Our faith in moral leadership, silent for too long, can be restored though small gestures. Last week the news reported that Cardinal Sean P. O'Malley from Boston and eight other American Catholic bishops held mass on the border between Nogales, New Mexico, and Mexico to honor the immigrants who have lost their lives crossing the border, because they loved their families enough to give their lives in hopes of a better life. The altar was set against the 20-foot-high border fence, where the clergy offered communion to hands reaching through the slats to accept the Holy Eucharist.   Hands reaching across a border--a powerful image.   Yes we need leadership that demonstrates the courage to be, especially as it's grounded in logic and humanity--principles and morality that have moved the western world for over 3,000 years.

The antidote to fear is, in the words of Addison, "Unbounded courage and compassion join'd," such as demonstrated at Nogales. Many religions teach that answers to the most vexing questions about life are shrouded in mystery, but in the real world, truth is not a mystery; it lives openly and objectively; its logic leads to "the true," its art to beauty, science to facts, morality to goodness, and humanity to empathy. If we honor these verities, we can lift ourselves above our social and political malaise; that from 20,000 feet sure looks ugly--what indifference smells like, and in some cases what bigotry looks like close up.

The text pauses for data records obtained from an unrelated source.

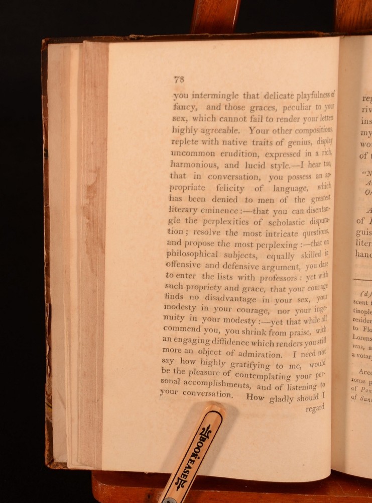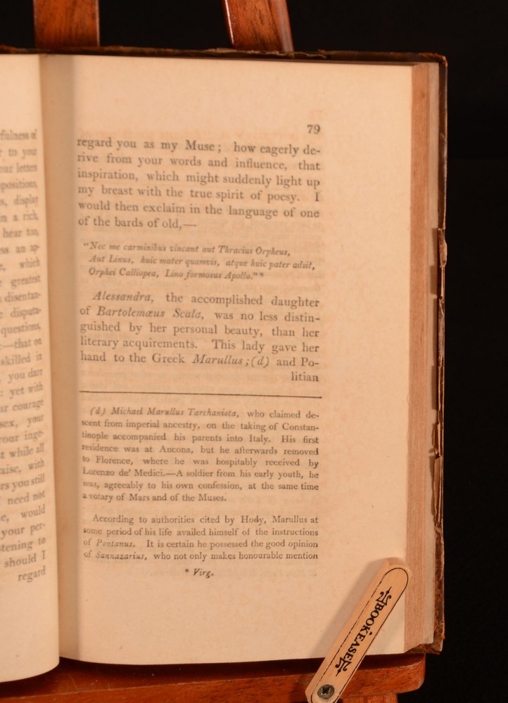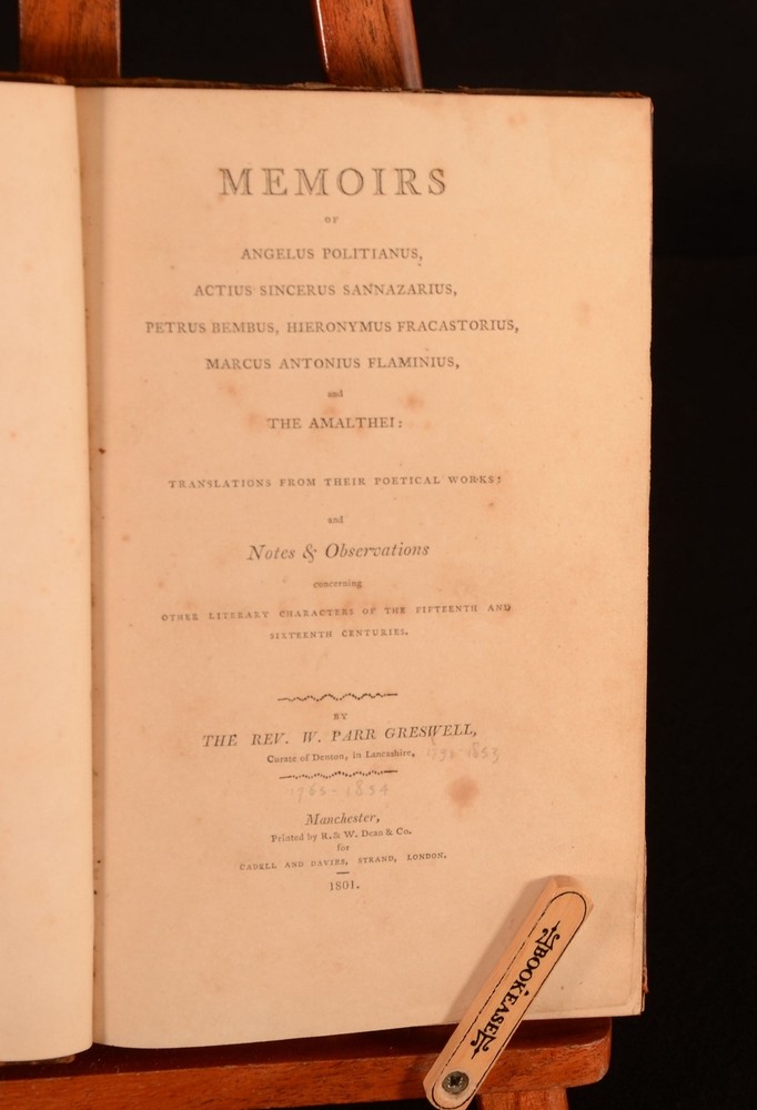 Click here to see our other books! Memoirs of Angelus Politianus, Actius Sincerus Sannazarius, Petrus Bembus, Hieronymus Fracastorius, Marcus Antonius Flaminius, and The Amalthei: Translation From Their Poetical Works: and Notes & Observations concerning Other Literary Characters of the Fifteenth and Sixteenth Centuries. Rev. W. Parr Greswell 1801 Cadell and Davies : Manchester 8.5" by 5" ii, 211pp SUMMARY A first edition volume of Rev. W. Parr Greswell featuring a collection of biographical works of poets from the sixteenth and seventeenth centuries. Leather Binding Overall Condition: Good This book weighs 0.5 KG when packed UK Postage: £ 3.99 US Postage: £ 15.99 EU Postage : £ 13.99 European Postage: £ 14.99 Asia Postage: £ 18.99 Worldwide Postage: £ 19.99 DESCRIPTION First edition. With biographical works on several 15th and 16th century poets, those being Angelus Politianus, Actius Sincerus Sannazarius, Petrus Bembus, Hieronymus Fracastorius, Marcus Antonius Flaminius, and The Amalthei. An exploration of the life and work of these notable poets and scholars. With notes and observations written by the then curate of Denton, Rev. W. Parr Greswell. CONDITION In a half calf binding. Externally, a trifle rubbed. Rubbing to the head and tail of the spine, joint and extremities. Large crack to the front joint. Rubbing to the front and rear boards. Label attached to the front board. Front and rear hinge are strained by firm. Handling mark and rubbing to the front and rear pastdown and endpapers. Internally, firmly bound. Pages are generally clean with light spots and handling marks to the pages. Overall Condition: Good GLOSSARY OF TERMS Overall Condition (Dustwrapper condition rating is shown after that for the book itself, where a dustwrapper is present) Fine - Very well preserved copy showing very little wear Very Good Indeed - Only one or two minor faults, really a very attractive copy Very Good - Quite a wide term meaning no major faults but probably several smaller ones often expected given the age of the book, but still a respectable copy Good - Meaning not very good. Some more serious faults as will be described in the condition report under 'condition' Good Only - Meaning one or more faults that could really do with repair Fair - As with good only above but with other faults leaving a compromised copy even after repair Poor - Really bad and possibly seriously incomplete. We only sell books in this condition where their rarity or value makes them attractive none the less. Major defects will be described. GUARANTEE We offer a full money back guarantee on our descriptions. Please ask for details and conditions. We prefer PAYPAL. If you pay via PAYPAL we will post the item off the same or the next working day with the postage you have selected. Please note we cannot accept USD cheques
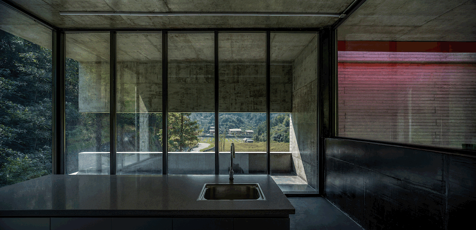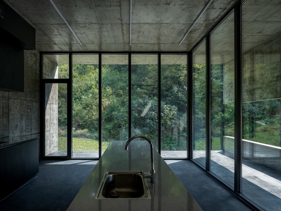 ▼开敞厨房里,混凝土与玻璃在光影中相互映照,Concrete and Glass Interplay in Light and Shadow Within the Open Kitchen
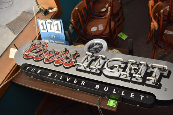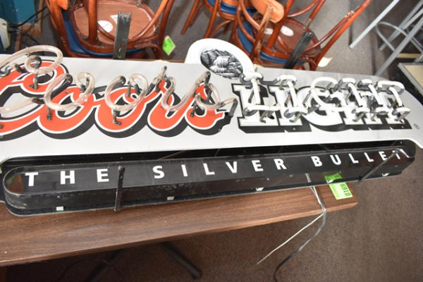 Coors Light Silver Bullet neon sign, approx. 59" x 22"
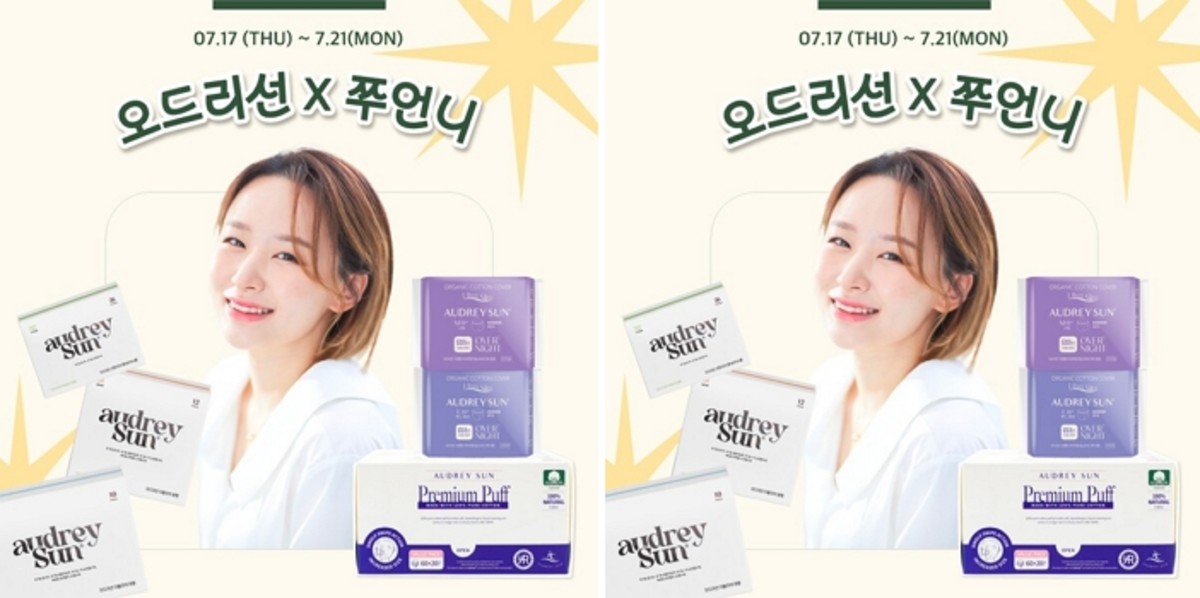 유기농 순면 생리대 브랜드 브랜드 오드리선이 17일, 오후 8시부터 1시간 동안 인기 뷰티 크리에이터 쭈언니와 함께 네이버 쇼핑라이브를 진행합니다.
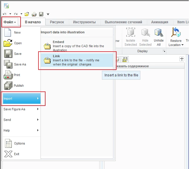 "Link" option in Creo Illustrate 1.0 M030 ("File" -> "Import" -> "Link"):
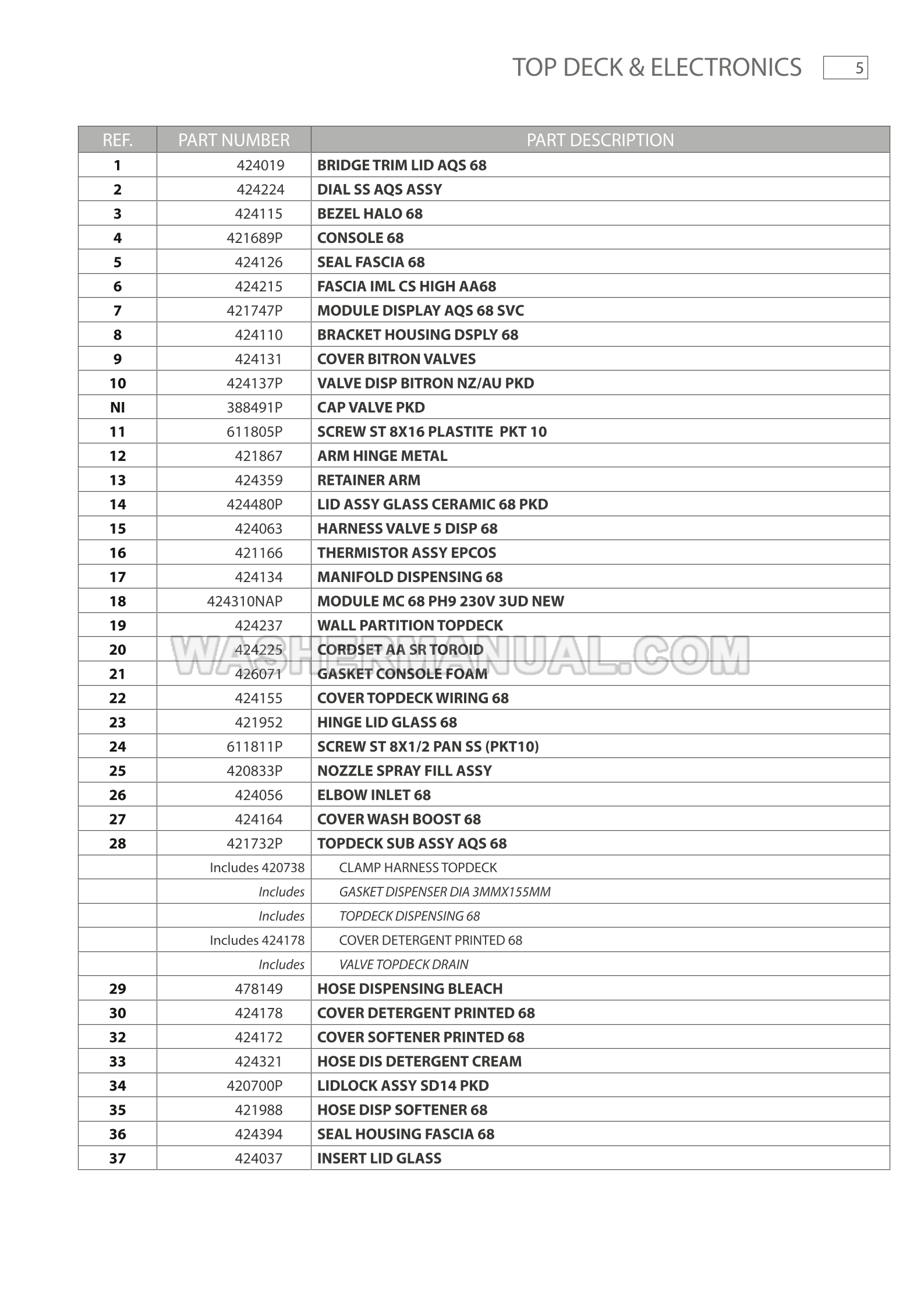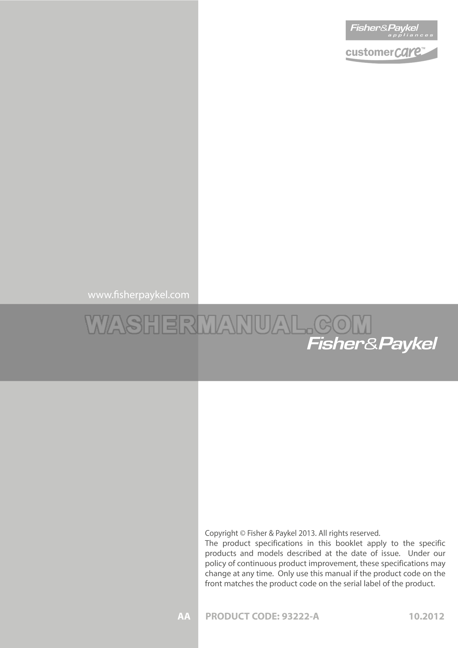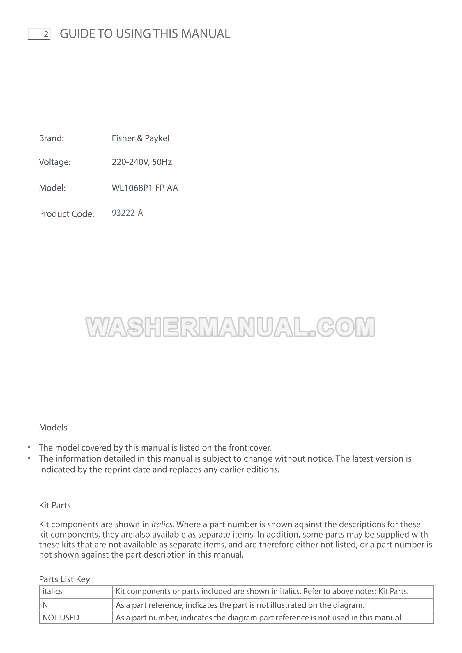 Fisher & Paykel WL1068P1 Parts Manual

The calendar reminds me that my Judeo-Christian friends will be soon celebrating their annual rite of humility and humanity. I wish it were more than a transient celebration, but one we could fall back on when we hear the not so veiled appeal to bigotry or we feel a lazy indifference to the suffering that surrounds us. I wish it were a celebration that would remind us that logic and fact leads to facing the truth about ourselves. During Passover and Easter, we should seriously ponder how to restore some sense of communal compassion for immigrants, for the mentally ill, the homeless, or prisoners undeserving of severe incarceration who work for multinational corporations on the cheap. No, what we are doing does not square with what these holidays were meant to symbolize by people who profess faith, whether a theist or an atheist.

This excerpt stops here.